#### Supplied data:
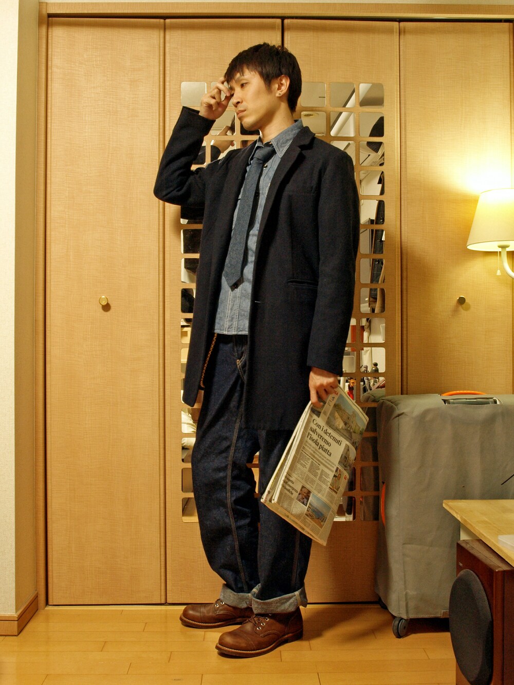 今日も元気に休日出勤♪ (´Д`) …ということで「休日だけど仕事」という非常に悲しいテーマのコーデです(´;ω;`) クラッチバッグなんですが、表面のデザインが本物の新聞柄になっていて、面白いので買っちゃいました( 〃▽〃) 小窓に新聞読んでる風ポーズ載せときます(笑) 【追伸】 hiroさんYucchiさん主催の「MENS FES」に参加予定だったのですが、仕事が多忙ですっかり失念しておりました(´Д`|||) ただ、偶然にも最新であるこのコーデがアウター着用でしたので(そしてギリ決めポーズっぽい感じにもなって……たので!)参加させて頂きます!…(;´д`) 時間があれば、明日にでもちゃんとしたコーデをUPします!
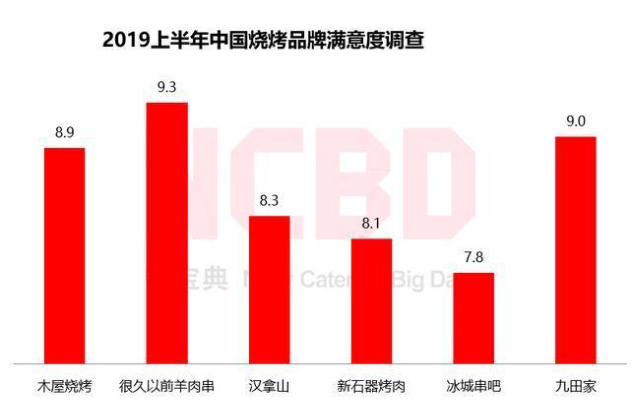 NCBD(餐宝典)数据显示,2019年上半年,在所有烧烤品牌中,很久以前羊肉串、九田家、木屋烧烤的消费者满意度位居前三。
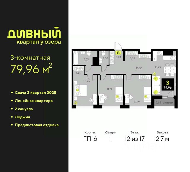 Дом монолитный, многоподъездный, переменной этажности, от 11 до 19 этажей. Квартира находится в 4-й секции высотой 17 этажей в корпусе Дом Воды. На этаже 4 квартиры. В подъезде 1 пассажирский и 1 грузовой лифт. Окончание строительства - 4 квартал 2026 года. Оформление сделки по договору долевого участия.
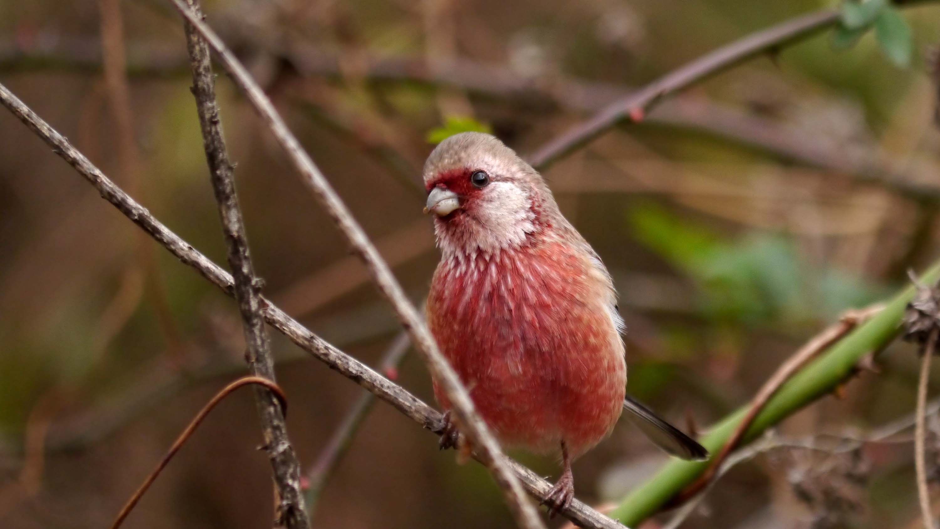 初めて見る紅色の小鳥、もっと良く観察したいですね。
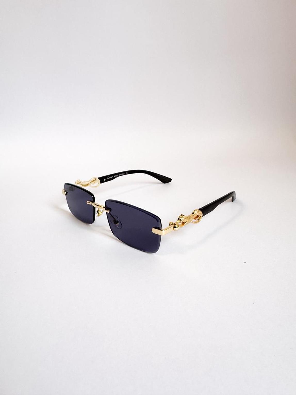 Elevate your style with these sophisticated rimless sunglasses featuring distinctive gold chain detailing and premium dark lenses. The perfect fusion of modern minimalism and luxury accessories for the discerning fashion enthusiast.
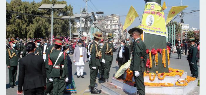 राष्ट्रपति विद्यादेवी भण्डारीले पृथ्वी जयन्ती तथा राष्ट्रिय एकता दिवसका अवसरमा नेपालका शाहवंशीय राजा पृथ्वीनारायण शाहको सालिकमा पुष्पहार अर्पण गर्नुभए ...
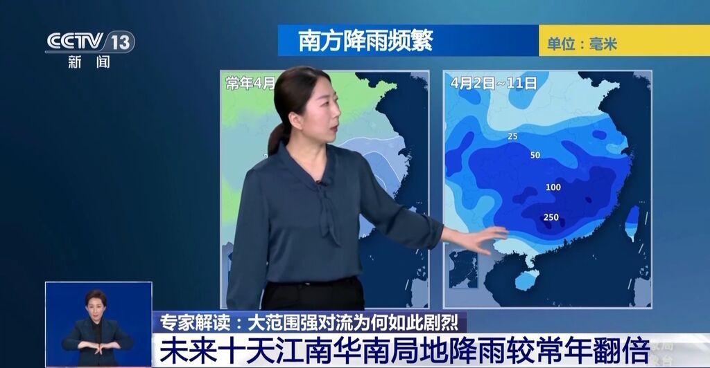 从明天开始,随着冷空气南下之后,冷暖空气交汇的重点的区域也会南压到江南南部的华南地区,而且这一带地区未来也是强降雨最集中的区域,所以从未来十天的预报来看,在江南南部以及华南北部一带地区累计降水量可能会达到100mm,甚至是250mm以上,相比较常年4月上旬将会偏多1到2倍。其实在刚刚过去的三月份,南方大部地区降水量都比常年同期明显偏少,未来集中增加的降水对于库塘蓄水是非常有帮助的,但是我们也需要提前防范降雨明显偏多可能会造成这些洪涝,还有农田积水等等的不利影响。
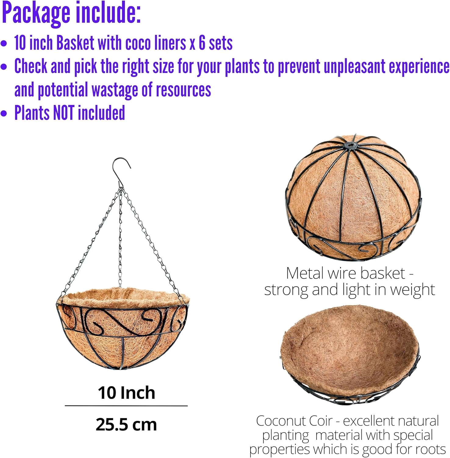 LaLaGreen Hanging Planter for Outdoor Plants (10 Inch, 6 Pack) Hanging Baskets with Coco Liner, Black Metal Wire Flower Basket Pots with Hook Hanger Balcony Porch Farmhouse Country Style Garden Decor
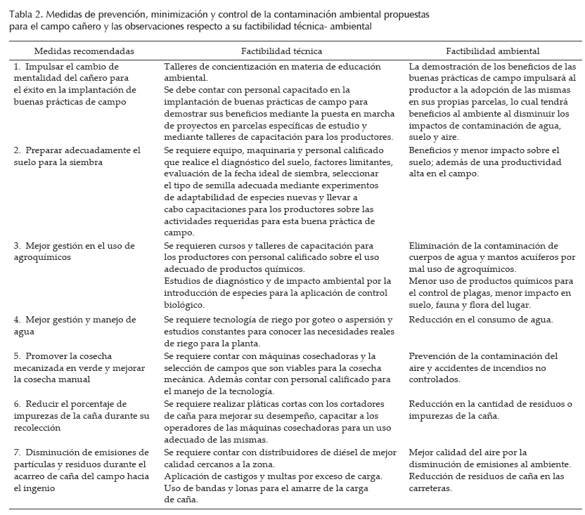 A continuación se presentan las propuestas de prevención, minimización y control de la contaminación ambiental para el campo cañero (tabla 2) y el ingenio caso de estudio (tablas 3 y 4).
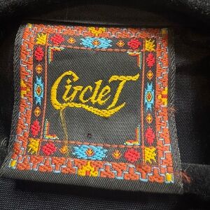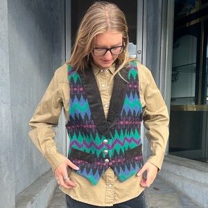 Statement 1980s Circle T wool-blend vest featuring a vivid turquoise, purple, and black southwestern geometric pattern. Trimmed in black corduroy lapels for that classic western-tailored contrast and finished with buffalo-nickel-style buttons down the front. Fully lined in acetate for a smooth fit.
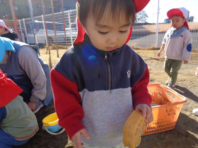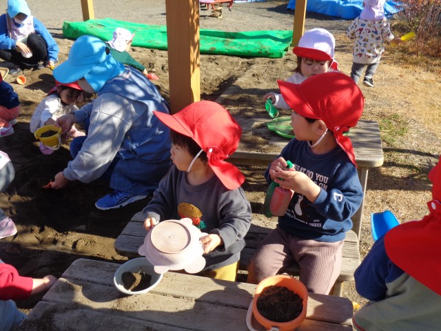 バケツに砂を沢山入れてお友達や保育士にプレゼントしてくれたり、お弁当を作っていたりと、以前よりも遊びに広がりが感じられました♪

#### Task statement:
Please output every record above exactly. Leave the pictures out.

#### Written answer:
 今日も元気に休日出勤♪ (´Д`) …ということで「休日だけど仕事」という非常に悲しいテーマのコーデです(´;ω;`) クラッチバッグなんですが、表面のデザインが本物の新聞柄になっていて、面白いので買っちゃいました( 〃▽〃) 小窓に新聞読んでる風ポーズ載せときます(笑) 【追伸】 hiroさんYucchiさん主催の「MENS FES」に参加予定だったのですが、仕事が多忙ですっかり失念しておりました(´Д`|||) ただ、偶然にも最新であるこのコーデがアウター着用でしたので(そしてギリ決めポーズっぽい感じにもなって……たので!)参加させて頂きます!…(;´д`) 時間があれば、明日にでもちゃんとしたコーデをUPします!
 NCBD(餐宝典)数据显示,2019年上半年,在所有烧烤品牌中,很久以前羊肉串、九田家、木屋烧烤的消费者满意度位居前三。
 Дом монолитный, многоподъездный, переменной этажности, от 11 до 19 этажей. Квартира находится в 4-й секции высотой 17 этажей в корпусе Дом Воды. На этаже 4 квартиры. В подъезде 1 пассажирский и 1 грузовой лифт. Окончание строительства - 4 квартал 2026 года. Оформление сделки по договору долевого участия.
 初めて見る紅色の小鳥、もっと良く観察したいですね。
 Elevate your style with these sophisticated rimless sunglasses featuring distinctive gold chain detailing and premium dark lenses. The perfect fusion of modern minimalism and luxury accessories for the discerning fashion enthusiast.
 राष्ट्रपति विद्यादेवी भण्डारीले पृथ्वी जयन्ती तथा राष्ट्रिय एकता दिवसका अवसरमा नेपालका शाहवंशीय राजा पृथ्वीनारायण शाहको सालिकमा पुष्पहार अर्पण गर्नुभए ...
 从明天开始,随着冷空气南下之后,冷暖空气交汇的重点的区域也会南压到江南南部的华南地区,而且这一带地区未来也是强降雨最集中的区域,所以从未来十天的预报来看,在江南南部以及华南北部一带地区累计降水量可能会达到100mm,甚至是250mm以上,相比较常年4月上旬将会偏多1到2倍。其实在刚刚过去的三月份,南方大部地区降水量都比常年同期明显偏少,未来集中增加的降水对于库塘蓄水是非常有帮助的,但是我们也需要提前防范降雨明显偏多可能会造成这些洪涝,还有农田积水等等的不利影响。
 LaLaGreen Hanging Planter for Outdoor Plants (10 Inch, 6 Pack) Hanging Baskets with Coco Liner, Black Metal Wire Flower Basket Pots with Hook Hanger Balcony Porch Farmhouse Country Style Garden Decor
 A continuación se presentan las propuestas de prevención, minimización y control de la contaminación ambiental para el campo cañero (tabla 2) y el ingenio caso de estudio (tablas 3 y 4).
 Statement 1980s Circle T wool-blend vest featuring a vivid turquoise, purple, and black southwestern geometric pattern. Trimmed in black corduroy lapels for that classic western-tailored contrast and finished with buffalo-nickel-style buttons down the front. Fully lined in acetate for a smooth fit.
 バケツに砂を沢山入れてお友達や保育士にプレゼントしてくれたり、お弁当を作っていたりと、以前よりも遊びに広がりが感じられました♪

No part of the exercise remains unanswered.